Who is the Dalai Lama? Tibet is unique in the Buddhist world for its system of “incarnate lamas,” the idea being that advanced spiritual masters are able to choose the place for their next rebirth, returning to the world in lifetime after lifetime to teach the dharma. There were many such lineages of lamas in Tibet, and the Dalai Lama was just one of them until 1642. It was then that the fifth Dalai Lama was placed on the throne of Tibet by a Mongol khan, his successors becoming at least the titular head of state. The current incarnation took over the government in 1950 at age 15 when the People’s Liberation Army crossed into eastern Tibet.
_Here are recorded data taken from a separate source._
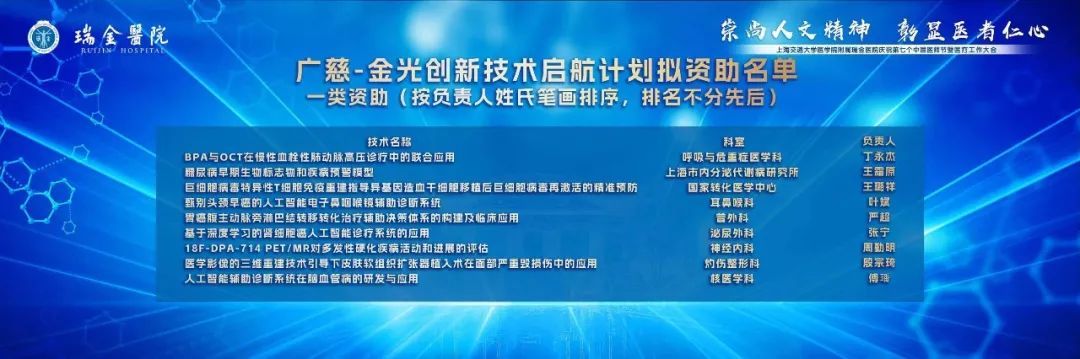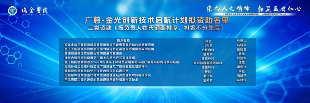 创新是医院发展的不竭动力,为鼓励临床技术创新,自2021年起,瑞金医院设立广慈临床新技术启航计划,在两年培育期内要求各项技术成熟地推广至临床应用中,是瑞金新技术培育的平台。
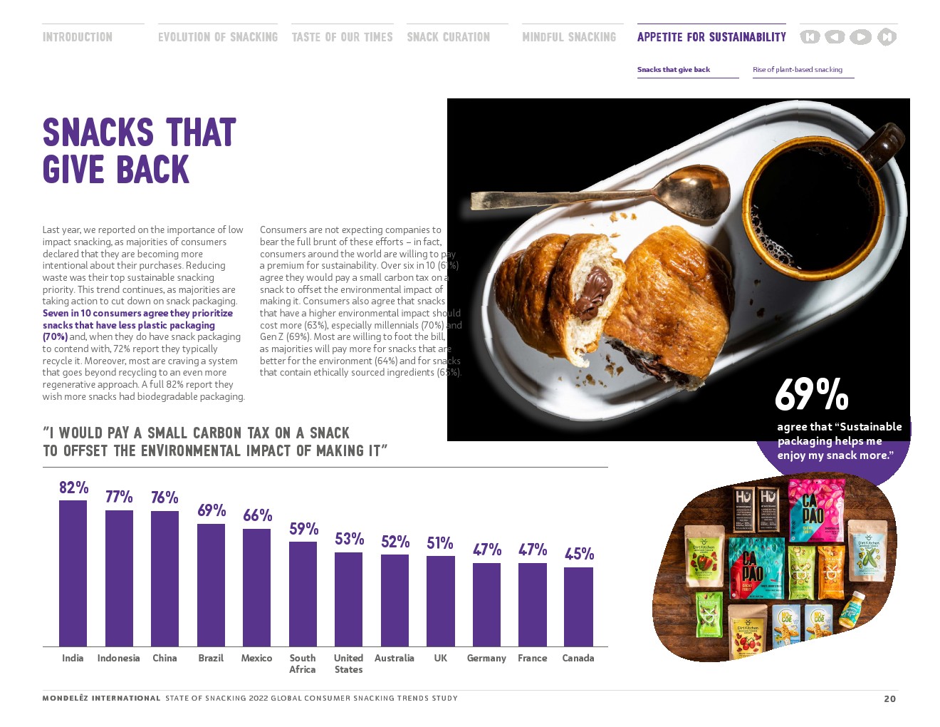 7/10的消费者认为他们优先考虑塑料包装较少的零食,72%的消费者通常会回收零食包装。
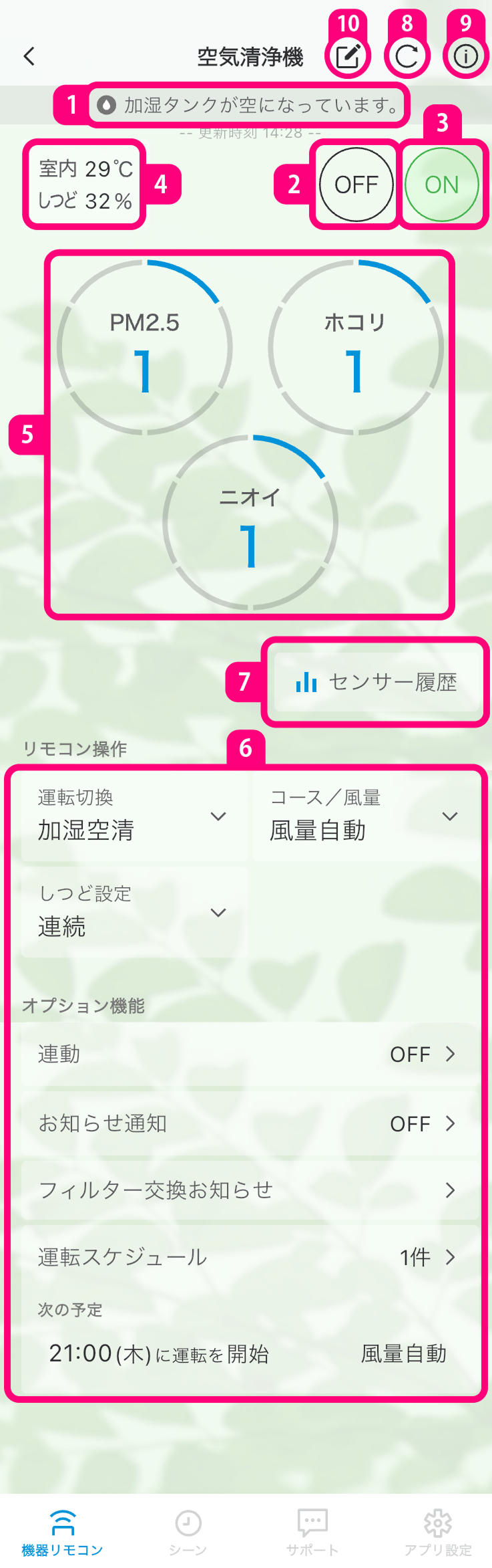 お部屋の空気に汚れが発生したときや給水のタイミング、またフィルター交換時期が近づいていることをお知らせする機能です。
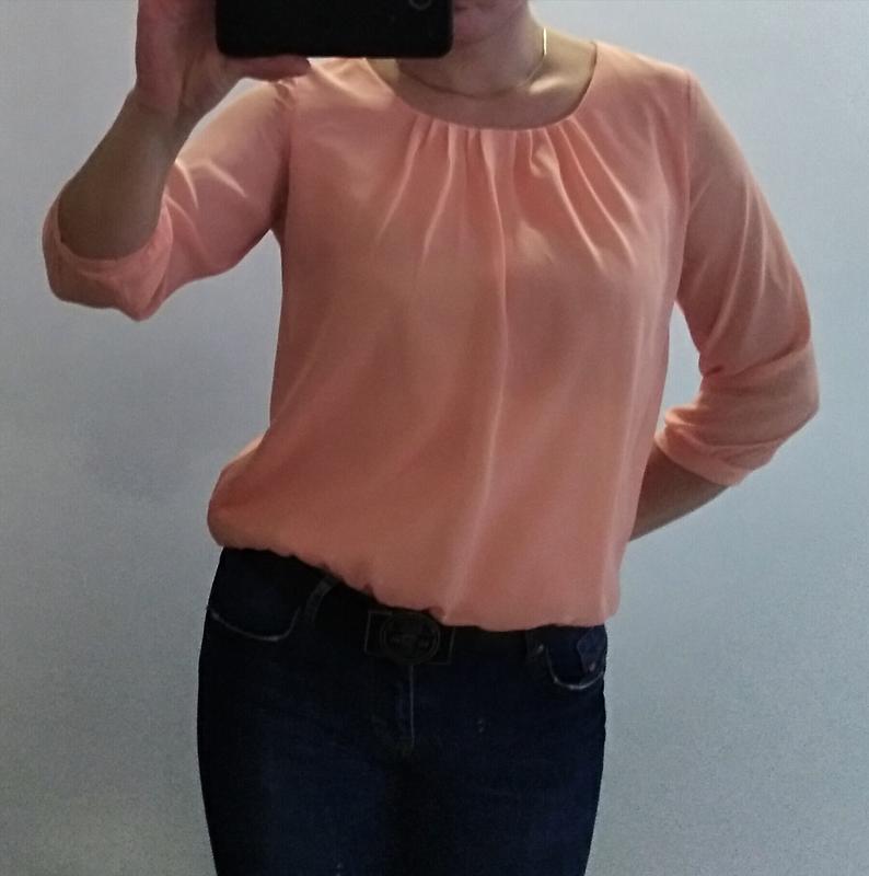 Блуза из шифона внизу на резинке. Красивый персиковый цвет. Состояние новой вещи. Без бирки. ОГ 48 см, ОТ 50 см, плечи 38 см, длина 60 см, рукав 45 см.
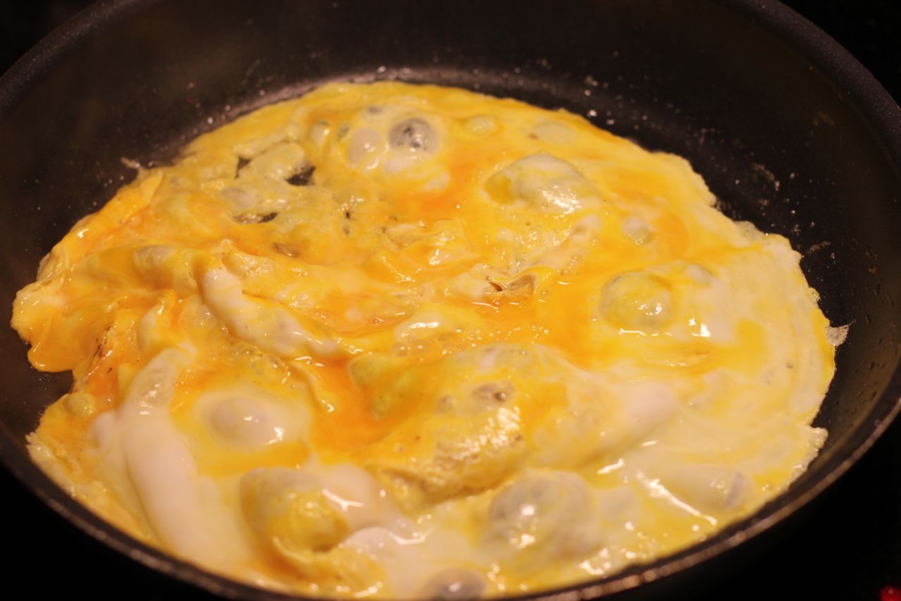 3. Eggeblandingen vil begynne å boble med en gang. Vent i 5-10 sekunder. Du vil se at eggeblandingen fortsatt er flytende på toppen.
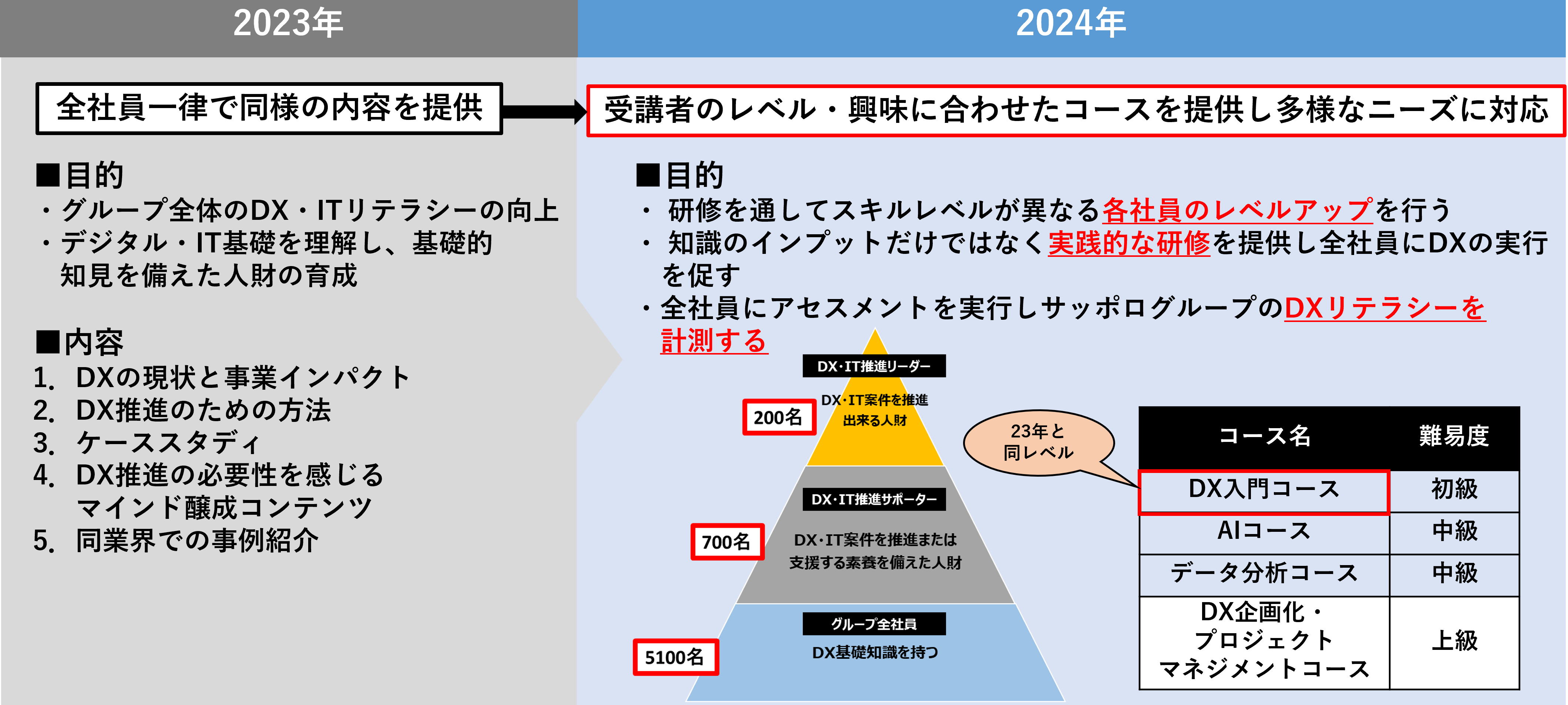 サッポロホールディングス(株)は、「全社員 DX 人財化」を推進しDXによる成果創出を実現するため 2022年、2023年に続き本年もDX・IT 人財育成プログラムをスタートします。
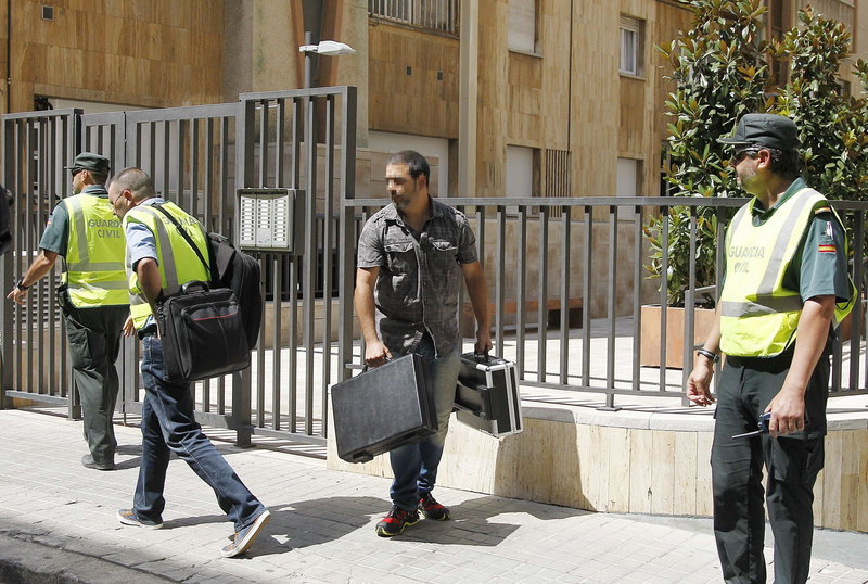 Lasvocesdelpueblo y Agencias – La Guardia Civil ha terminado de registrar sobre las siete de la tarde de este viernes el domicilio del ex-tesorero del partido separatista catalán y del gobierno autonómico del presidente Artur Mas Gavarró, Convergencia Democrática de Cataluña (CDC), Daniel Osàcar, en la calle Alicante de Barcelona. El registro se ha hecho enmarcado en la segunda fase de la operación ‘Petrum‘, que busca documentos que demostrarían que la empresa Teyco hizo pagos del 3% a la fundación separatista del partido del presidente Artur Mas Gavarró conocida como CatDem en comisiones por adjudicación de obra pública. <Fotografía: 1. Agente de la Guardia Civil saliendo de la sede central del partido de Artur Mas Gavarró, CDC, situado en la calé Córcega de Barcelona, esta noche, después de los registro y Foto 2. Agentes de la Guardia Civil saliendo del domicilio del ex-tesorero de CDC, Daniel Oscar, después de los registros. Fotos/Efe/ACN>.

Like the authors of other biographies of the current Dalai Lama, Mr Norman does not read or speak Tibetan. However, he has the advantage of being able to use histories published over the past two decades that draw on Tibetan and Chinese sources, none more important than the four volumes by Melvyn C Goldstein, which provide 2,700 pages on the period from 1913 to 1959. Mr Norman puts these to good use, as well as recently published books about the Dalai Lama’s two tutors, making this biography the most detailed and accurate to date.

The Dalai Lama: An Extraordinary Life  is strongest on the early period, starting, wisely, not with the 14th Dalai Lama, but the 13th (1876-1933), who faced so many of the challenges that his successor would inherit and who left a chillingly prescient prophecy of what lay ahead for his country. Mr Norman makes clear that “old Tibet” was no Shangri-La, describing the corruption and intrigue of the Tibetan court and the sclerosis that the 13th and the young 14th tried, and failed, to cure.

The book contains a number of errors, most of the minor variety, especially concerning the admittedly arcane world of Tibetan Buddhism; the Dalai Lama did not debate about colours — a topic for novice monks — during his examination for the highest monastic degree. Throughout, however, the biography is judicious on topics that often inspire hyperbole and mystification. For example, the Dalai Lama has navigated the modern world while consulting on all matters of import with oracles possessed by wrathful deities. Mr Norman’s description of a crisis over which deity to propitiate, a crisis that began with the thirteenth and continues to the present day, is impressive in its clarity.

He also reveals the Dalai Lama to be a sophisticated thinker and consummate scholar, one whose feet remain firmly on the ground, a trait often obscured by his broken English. In keeping with a religion so obsessed with prophecy, the book, written in an engaging prose, ends with an insightful prediction of the legacy of the 14th Dalai Lama, and a clear-eyed assessment of the challenges that the 15th will face.